Twelve months of building and throwing away work.
Aaron Levie posted this on X this week.
It’s remarkable how often you need to be dramatically upgrading your AI architecture given the pace of progress in AI models right now.
— Aaron Levie (@levie) April 19, 2026
If you’re building agents, you basically need to throw away large parts of previous work that you setup to compensate for model limitations… https://t.co/TXNTGLE2nQ
That’s been my whole year.
I started Vettaris a little over a year ago. At the time I was using Cursor to build things faster. It was error-prone and made lots of mistakes. I had to tell it exactly how to do things (not just what) and I was actively watching every line, steering every move. It felt amazing.
That was twelve months ago. Today I’m running multiple Claude Code sessions in parallel. My involvement isn’t line-by-line anymore. I hand off requirements. I hand off design files. The agents write the code, and my job is mostly to check their work.
In the first four months of this year, with AI, I’ve (we’ve?) written more code than I’ve written in my entire life.
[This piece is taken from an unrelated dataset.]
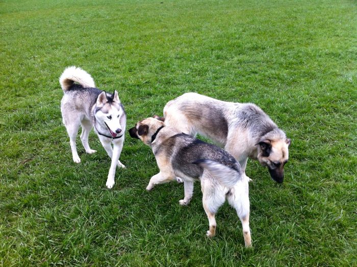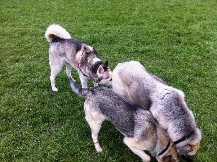 An attractive Husky mix wandered over to sniff our "pack," who were deeply enthralled with their own smell feast.

The pattern Levie’s describing isn’t just that the tools keep improving — it’s that whole categories of complexity we built up recently have just evaporated.
When LLMs first showed up, RAG was the answer for how to search large document collections. Companies invested in vector databases, chunking strategies, embedding pipelines, re-ranking layers. There were conference talks. There were consulting practices. There were startup rounds funded on it.
Whispers started late last year that RAG might not be needed. What I didn’t see coming was the replacement: grep and markdown files.
That’s it. Plain text, searched with a fifty-year-old Unix utility, handed to a model with a large enough context window. The model reads the files the same way you would.
The vector database companies are not going to put that on their homepage.
Same story with agents.
A year ago the discourse was all about how to control them. Orchestration frameworks. Whole architectures designed to keep agents on task and prevent them from wandering off into the weeds.
Then OpenClaw came out in late January and it turns out the answer was: just tell them what you want. They go do it (mostly). Check their work when they’re done. Tell them what you don’t like so they don’t do that again. Repeat.
Overnight, a whole category of software became unnecessary.
A year ago, when something I tried with AI worked, it was surprising enough that I’d run to LinkedIn to describe the experience.
Now I’m surprised when something doesn’t work. The baseline has flipped.
A few days ago my wife asked me for help with something she was stuck on: take a poor-quality photo of some sheet music and produce a clean PDF. This should be a slam dunk. Every model I tried failed. To its credit, when I tried Grok (from xAI) it thought for several minutes and then came back and told me that my request was beyond its capabilities. This is the first time I’ve really ever seen a model back off on a request because it was aware of its own limitations. If this becomes the norm, “overconfidence” will join “hallucination” as a problem that mostly goes away with better model training.
The hardest part of all this is keeping up with where the weak spots are and tracking how they change.
Claude can’t read my wife’s sheet music. But the same week I was struggling with that, Anthropic released Claude Design — a UI design product that’s about to give Figma a run for their money. I would not have expected Claude to be so good at visual design.
It’s impossible for me to imagine what this looks like a year from now because humans are bad at exponentials. I’m just resigned to the fact that anything I build today is likely to be almost useless in a quarter or two. The key is to build things that the models understand so they can do the refactoring for you when new things come along. The pace is only going to get faster, so building with that in mind is the only real defense. Buckle Up!